La otra crisis: Un Gobierno infantil

            Parece increíble, pero la misma persona que está en contra de la sucesión hereditaria de la monarquía, no tiene ningún problema para exigir que una mujer, la que es madre de sus hijos, ostente un cargo ministerial por el simple hecho de ser su pareja. Porque uno puede estar a favor o en contra de la monarquía, o de la república, preferir o no que el jefe del Estado sea un presidente, o un rey, pero hay algo que es evidente para todos: si los miembros de este Gobierno tuvieran una mínima parte de la formación y de la preparación que tiene nuestro Rey Don Felipe VI, la situación actual de crisis sería muy distinta.

            Los políticos que presumen de ser progresistas han de saber que también ellos necesitan instrucción. Uno no recibe ciencia infusa cuando se rebela contra la tradición y decide retomar el ideario marxista. El vicepresidente Pablo Iglesias olvida que forma parte de este Gobierno, que su papel de papá lo ha de ejercer en su casa, que ya no es el profesor que adoctrinaba en las aulas universitarias a tiernos y fascinados estudiantes, y que quizá su itinerario académico diste mucho de su actual cargo político. Por eso causa sonrojo y estupor que todo un vicepresidente del Gobierno de España pida perdón a los niños y que la disculpa se deba simplemente a la confusión generada a la hora de decidir cómo y cuándo serán sus paseos por la calle.

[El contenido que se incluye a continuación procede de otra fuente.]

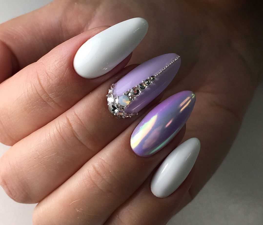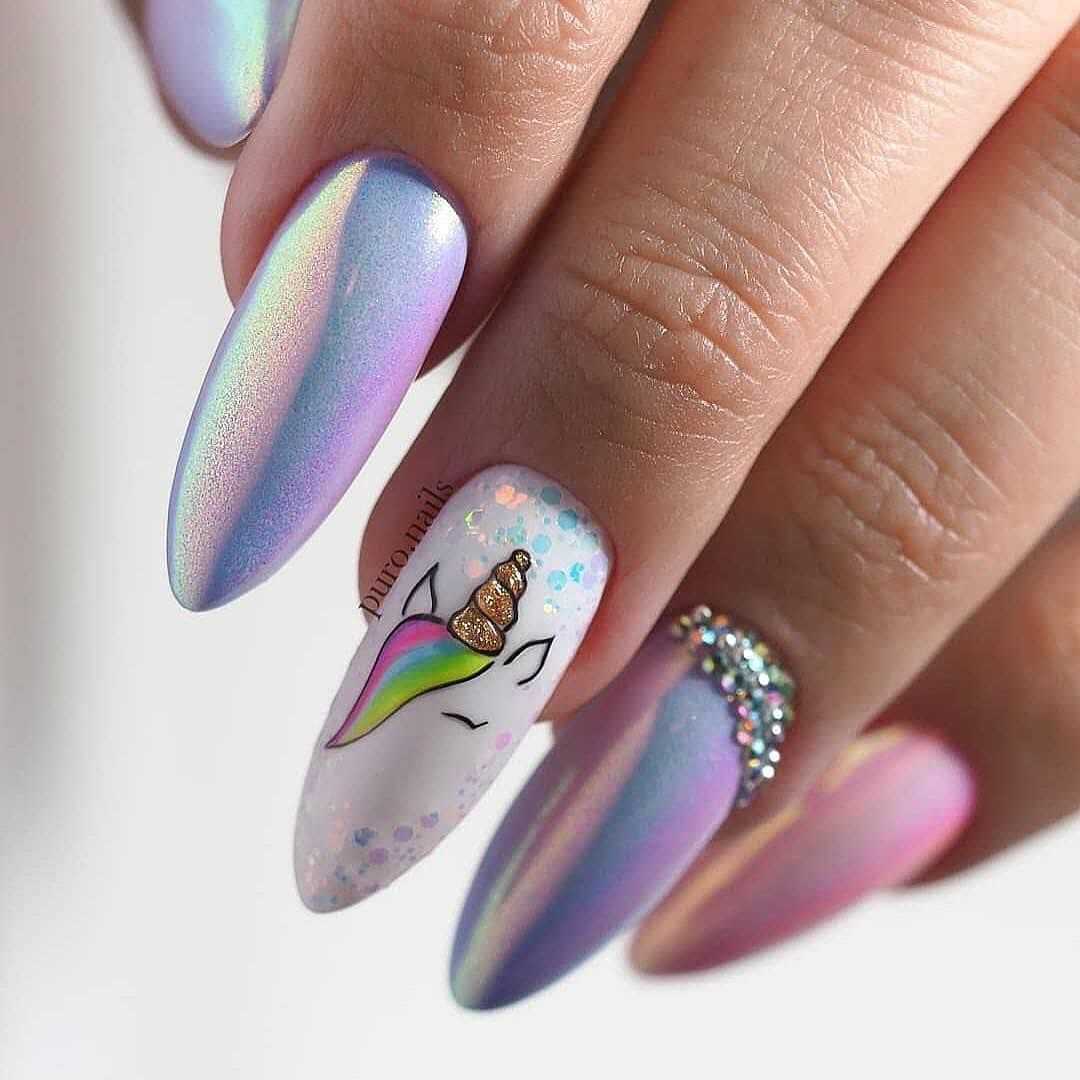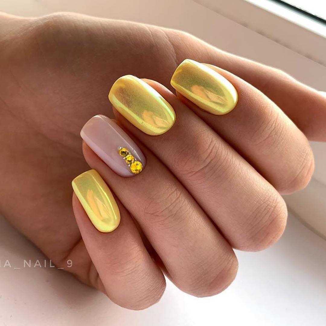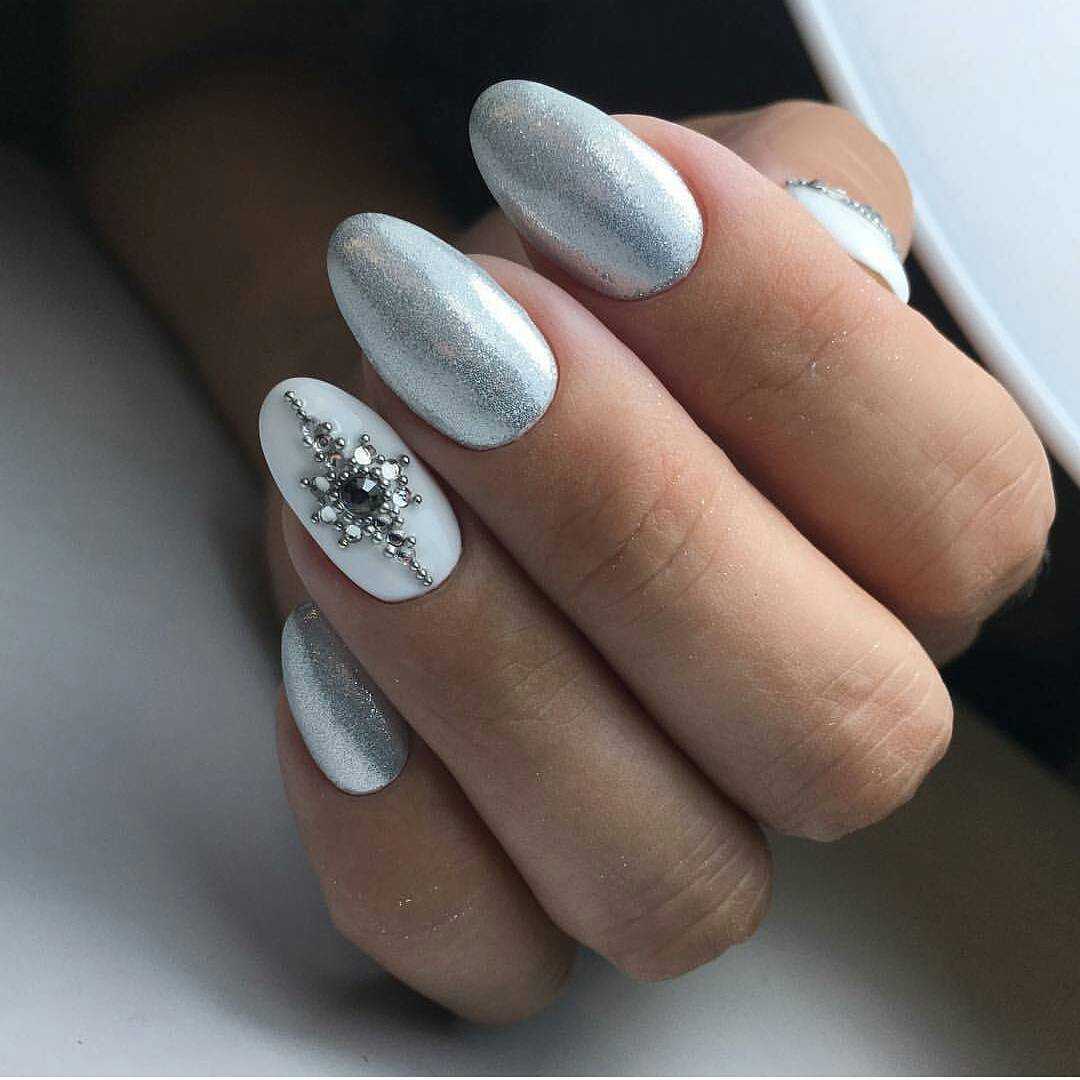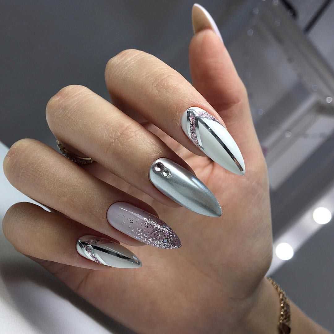 Зеркальный маникюр 2020 не ограничивается одним лишь покрытием. Часто его дополняют тем или иным декором, рисунком, перекрывают матовым топом.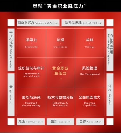 ACCA拥有全面的课程体系,其课程内容被联合国作为全球会计教科书的蓝本。课程广度上涵盖了商业战略及公司治理、风险管理、商业控制、企业融资、财务报告和税务6大方面,深度上分基础知识、运营管理技巧和战略管理3个层面。着重培养学员分析能力和在复杂条件下的决策、判断能力,帮助学员成为具有国际视野的统筹性人才。

            Señor Iglesias, si otra vez le da por dirigir unas palabras de consuelo a los niños españoles, tenga usted claro que el verdadero pesar lo tienen por haber perdido a un ser querido y no por no poder salir de casa para dar una vuelta. Está muy bien que pida disculpas, que pida perdón, pero que sea por causas serias: por no haber podido, o no haber sabido, evitar la muerte de más de veinte mil personas.